Use Postgres full-text search when:

Your searchable data is already in Postgres
You need basic keyword search (not typo tolerance, not ML-based ranking)
You don’t need faceted search with real-time facet counts
Your document corpus is < 10M rows
Operational simplicity matters more than search feature richness

Use a dedicated search engine (Meilisearch, Elasticsearch) when:

You need typo tolerance out of the box
You need facets with counts and filtering
You need sub-100ms search at high QPS on large corpora
You need relevance tuning, synonyms, or personalization

For most SaaS products, Postgres FTS handles the “search my data” use case adequately.

Schema Design for Search

-- Articles table with generated search vector
CREATE TABLE articles (
  id          UUID PRIMARY KEY DEFAULT gen_random_uuid(),
  title       TEXT NOT NULL,
  body        TEXT NOT NULL,
  author      TEXT,
  tags        TEXT[],
  published_at TIMESTAMPTZ,
  -- Generated tsvector — automatically updated on title/body change
  search_vector TSVECTOR GENERATED ALWAYS AS (
    setweight(to_tsvector('english', coalesce(title, '')), 'A') ||
    setweight(to_tsvector('english', coalesce(author, '')), 'B') ||
    setweight(to_tsvector('english', coalesce(body, '')), 'C')
  ) STORED
);

-- GIN index on the vector
CREATE INDEX articles_search_idx ON articles USING GIN(search_vector);

setweight assigns importance: ‘A’ > ‘B’ > ‘C’ > ‘D’. A match in the title (weight A) scores higher than the same match in the body (weight C).
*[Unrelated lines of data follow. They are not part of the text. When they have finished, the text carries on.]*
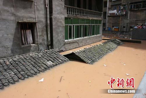 7月19日下午5时,记者来到四川广安城区江边,滨江路彻底消失,江面就在脚底下波澜壮阔。“大约水位到了25.66米,已超过最高记录,看样子还要上涨。”看守警戒线的民警告诉记者。也就是说,目前洪水已经超过了3年前的“7·7”洪灾23.5米、达“163年一遇”的程度。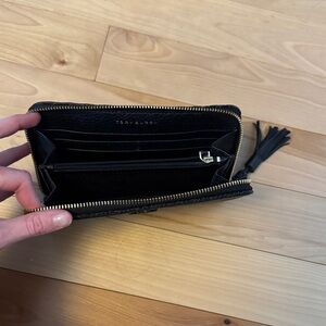 Tory Burch Black Pebbled Leather Zip Wallet with Tassel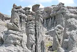 Le site fut formé par l'érosion naturelle pendant l'Holocène, soit au cours des 100 000 dernières années. La différence d’érodabilité entre les roches volcaniques du site expliquent la formation des cheminées, ainsi les roches friables des piliers sont coiffées par de l'andésite et de l'ignimbrite[3].

This is how you implement “title matches matter more.”

Basic Search Queries

-- Simple keyword search
SELECT id, title, published_at
FROM articles
WHERE search_vector @@ to_tsquery('english', 'database')
ORDER BY published_at DESC
LIMIT 20;

-- Multiple terms (AND)
SELECT id, title
FROM articles
WHERE search_vector @@ to_tsquery('english', 'database & performance')
ORDER BY published_at DESC;

-- Multiple terms (OR)
SELECT id, title
FROM articles
WHERE search_vector @@ to_tsquery('english', 'database | cache')
ORDER BY published_at DESC;

-- Phrase search (adjacent terms)
SELECT id, title
FROM articles
WHERE search_vector @@ phraseto_tsquery('english', 'query optimization');

-- Prefix search (term begins with)
SELECT id, title
FROM articles
WHERE search_vector @@ to_tsquery('english', 'datab:*');
-- Matches: database, databases, databas

Handling User Input Safely

User input can’t be fed directly into to_tsquery — it’ll throw on special characters:

-- WRONG — crashes on "database & !"
WHERE search_vector @@ to_tsquery('english', user_input)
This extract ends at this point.